None of the organisers could have predicted, however, that on the day of the winter bicycle ride the mercury would drop down to -20 degrees Celsius.
      Nonetheless, on the day of the event a sizeable group of people has gathered in the Senate Square in downtown Helsinki to brave the elements with their tube-metal camels.
      Nearly all of them are wearing tweed, a material that was originally designed for the rainier climes of the British Isles. The designs include herringbone, pepper, and plaid patterns.
      “I do not think any of the outfits here is completely pure in style. The tweed outfits have been spiced up appropriately at least with frieze numbers to better suit the Finnish weather”, Schulte-Tigges points out.
Where there are gentlemen, there are also fine ladies.
      Fiona Timantti is dignifying the start of the bike ride by her presence, even if she is not planning to climb onto the saddle herself.
      Her outfit has been well thought out to the very last detail: the hair has been twisted into tight curls and her lips have been painted a luscious red. A voluminous muff protecting her hands tops off the ensemble perfectly.
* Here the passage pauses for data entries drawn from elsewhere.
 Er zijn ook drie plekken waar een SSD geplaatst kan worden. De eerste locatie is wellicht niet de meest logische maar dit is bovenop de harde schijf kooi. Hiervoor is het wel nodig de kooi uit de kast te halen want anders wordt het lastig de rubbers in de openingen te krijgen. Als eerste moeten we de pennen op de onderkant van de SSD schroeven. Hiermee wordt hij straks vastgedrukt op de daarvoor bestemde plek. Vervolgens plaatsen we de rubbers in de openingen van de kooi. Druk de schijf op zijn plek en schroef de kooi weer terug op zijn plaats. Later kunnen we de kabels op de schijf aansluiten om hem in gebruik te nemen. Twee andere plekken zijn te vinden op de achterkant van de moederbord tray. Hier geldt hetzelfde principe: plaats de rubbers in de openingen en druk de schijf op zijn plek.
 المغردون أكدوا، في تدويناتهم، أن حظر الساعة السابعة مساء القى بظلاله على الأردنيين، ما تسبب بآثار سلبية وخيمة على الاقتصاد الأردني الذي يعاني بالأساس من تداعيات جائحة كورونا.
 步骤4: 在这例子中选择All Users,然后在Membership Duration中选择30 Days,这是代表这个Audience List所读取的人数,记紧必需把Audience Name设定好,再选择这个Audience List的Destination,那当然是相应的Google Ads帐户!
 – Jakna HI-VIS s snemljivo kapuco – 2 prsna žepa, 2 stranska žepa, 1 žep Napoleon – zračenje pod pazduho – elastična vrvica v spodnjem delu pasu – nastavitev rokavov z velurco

      “All the items of clothing I found in my own wardrobe. I did not have to acquire anything new for this. I came here purely attracted by the style aspect of the event”, Timantti explains.
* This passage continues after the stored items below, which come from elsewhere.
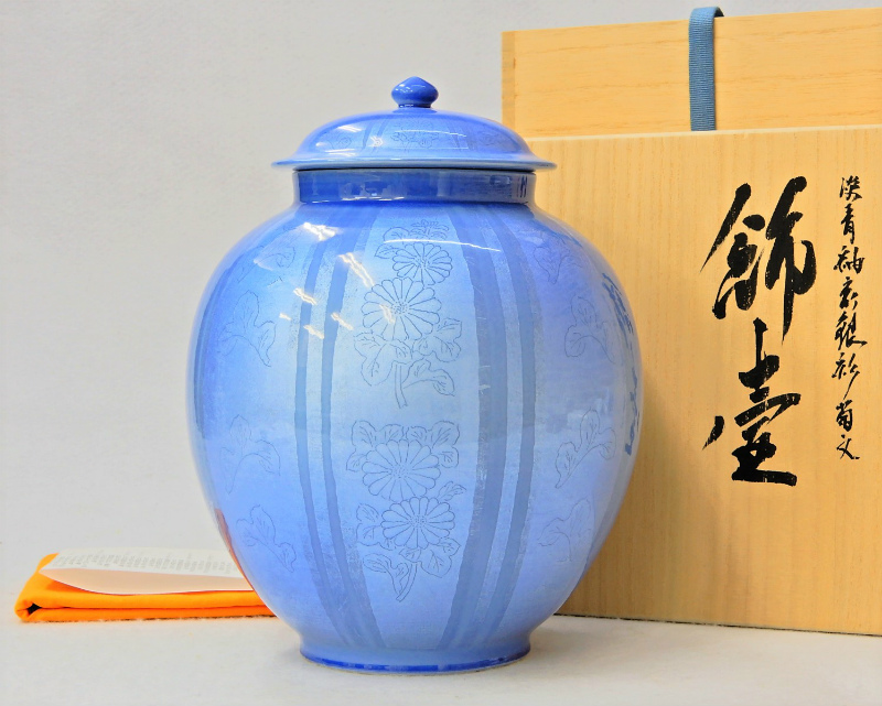 石川県小松市のお客様より出張買取にてご依頼頂き、九谷焼名工 中田一於 淡青釉裏銀彩菊文飾壷を買取りさせていただきました。
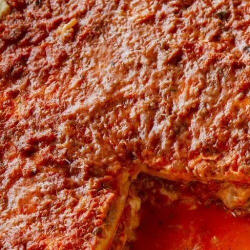 For the best slices, let the lasagna rest for 10-15 minutes after pulling it out of the oven. This allows the layers to set.
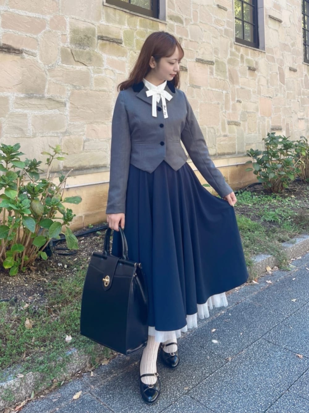 ︶⊹︶︶୨୧ 𝑰𝑻𝑬𝑴𝑺 ୨୧︶︶⊹︶ ✎ジャケット┈┈┈ ショート丈なので フレアスカートとの相性抜群です◎ ベロアの釦がとっても可愛いです♡ ✎ スカート┈┈┈ 広がりがうつくしい定番スカート♪ 新色のネイビーは、季節問わず使えて 着回しもたくさんできそうです⟡˖· ✎ ブラウス┈┈┈ リボン結びしなくても良いので、 とっても楽に着られます♪ シンプルなシャツとしても 使っていただけます◎ ✎バッグ┈┈┈ ハンド、ショルダー、リュックの3way.ᐟ お仕事用にもおすすめてす◎ ✎パンプス┈┈┈ 24cmでLサイズを履いています.ᐟ しっかりクッションが付いているので、 長時間のお出かけでも疲れにくいですˊ˗ ︶⊹︶︶⊹︶︶୨୧︶︶⊹︶︶⊹︶ ┆身長 ⇢ 159cm ┆ 靴 ⇢ 24.0cm ┆骨格 ⇢ 骨格ウェーブ ┆PC ⇢ イエベ春

      Aino Frilander defies the male-dominated crowd and pedals in her high-heeled boots and a skirt to join the tail of the queue of cyclists.
      “I wanted to join in because I have always envied those who get to take part in the London Tweed Run.”
      But why?
      “Because the Tweed Run combines the two greatest things about our world: gentlemen and cycling. I don’t think this requires any further explanation”, Frilander smiles.
Before the start of the run, the intrepid cyclists dressed in their tweeds gather for a group photo on the steps of the Helsinki Cathedral.
      Fingers are freezing and someone takes a sip from a bottle to warm himself up.
      “My toes are already pretty frozen”, Juha Ahokoski calls out.
      “I had to wear something synthetic to prevent my toes from freezing”, Sasu Korander says and demonstrates his winter boots.
      The Tweed Run Helsinki begins with people pushing their bicycles from the Senate Square - which has enough snow cover on it to preclude anything but the most extreme cycling - to the Market Square.
      Then the gentlemen and the lady get on their bikes and start pedalling towards Hietaniemi and the beach.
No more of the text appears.